Max accuracy of the model was 98.61%, with a model mtry = 27. This means that by using 27 predictors (variables) we can obtain an accuracy of 98.9%, which is quite good, so we will not try using other pre-processing options. When testing the model in the test set we obtained the following:
rfmod_pred <- predict(rf_mod, testset)
confusionMatrix(data = rfmod_pred, reference = testset$classe)
## Confusion Matrix and Statistics
##
## Reference
## Prediction A B C D E
## A 1388 5 0 0 0
## B 6 942 3 0 0
## C 0 2 849 6 5
## D 0 0 3 798 3
## E 1 0 0 0 893
##
## Overall Statistics
##
## Accuracy : 0.9931
## 95% CI : (0.9903, 0.9952)
## No Information Rate : 0.2845
## P-Value [Acc > NIR] : < 2.2e-16
##
## Kappa : 0.9912
##
## Mcnemar's Test P-Value : NA
##
## Statistics by Class:
##
## Class: A Class: B Class: C Class: D Class: E
## Sensitivity 0.9950 0.9926 0.9930 0.9925 0.9911
## Specificity 0.9986 0.9977 0.9968 0.9985 0.9998
## Pos Pred Value 0.9964 0.9905 0.9849 0.9925 0.9989
## Neg Pred Value 0.9980 0.9982 0.9985 0.9985 0.9980
## Prevalence 0.2845 0.1935 0.1743 0.1639 0.1837
## Detection Rate 0.2830 0.1921 0.1731 0.1627 0.1821
## Detection Prevalence 0.2841 0.1939 0.1758 0.1639 0.1823
## Balanced Accuracy 0.9968 0.9952 0.9949 0.9955 0.9954
As we can see, the accuracy of the model in the test set was high (accuracy = 99.39%, CI 95% [99.13 - 99.59]), besides the homogeneity between groups is high (kappa = 0.9923), the sensitivity and specificity values are excellent, so we can conclude that the model is suitable for use in exercise prediction with accelerometric data.
Modifications to the base model (such as variable pre-weighting or grouping of variables with PCA) could marginally improve the accuracy of the model.
Ugulino, W.; Cardador, D.; Vega, K.; Velloso, E.; Milidiu, R.; Fuks, H. Wearable Computing: Accelerometers’ Data Classification of Body Postures and Movements.
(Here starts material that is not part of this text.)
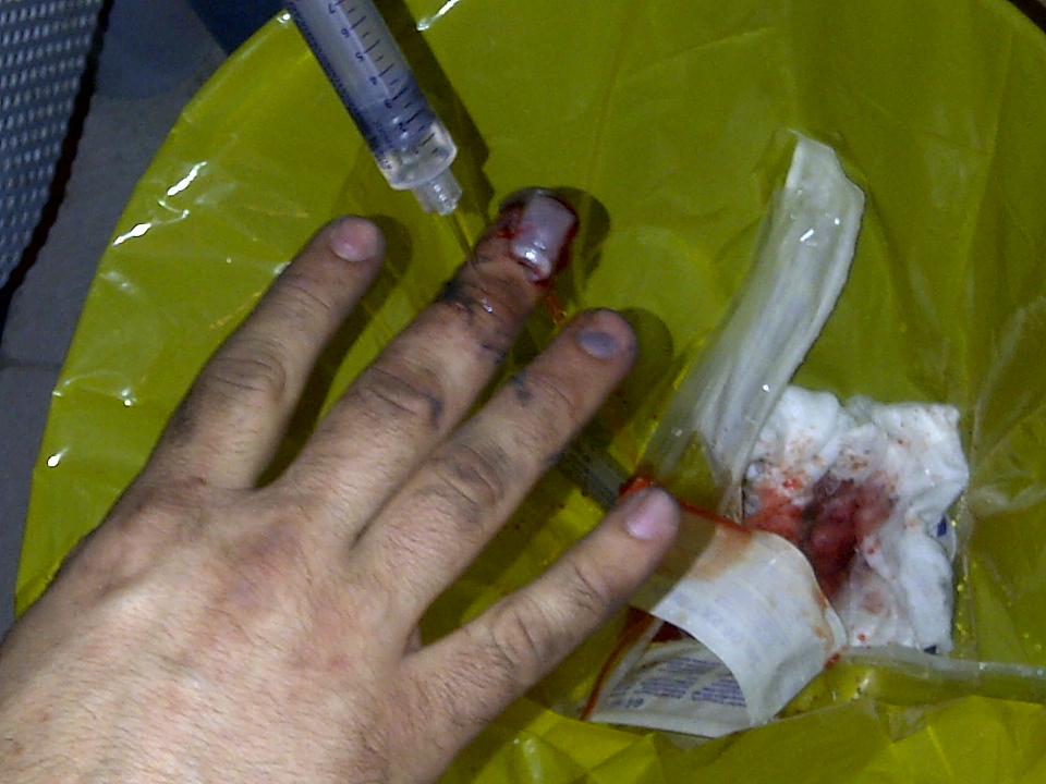 If you are at all bothered by blood or injuries, especially fingernail stuff, you shouldn’t look. Seriously, you probably shouldn’t look. Anyway, I gotta say, it doesn’t look so bad. Though maybe that is just because I saw the other side of that finger as well. Apart from the nail, the other side had the real damage. But the important thing is that the image is now on the Internet.

Proceedings of 21st Brazilian Symposium on Artificial Intelligence. Advances in Artificial Intelligence - SBIA 2012. In: Lecture Notes in Computer Science. , pp. 52-61. Curitiba, PR: Springer Berlin / Heidelberg, 2012. ISBN 978-3-642-34458-9. DOI: 10.1007/978-3-642-34459-6_6.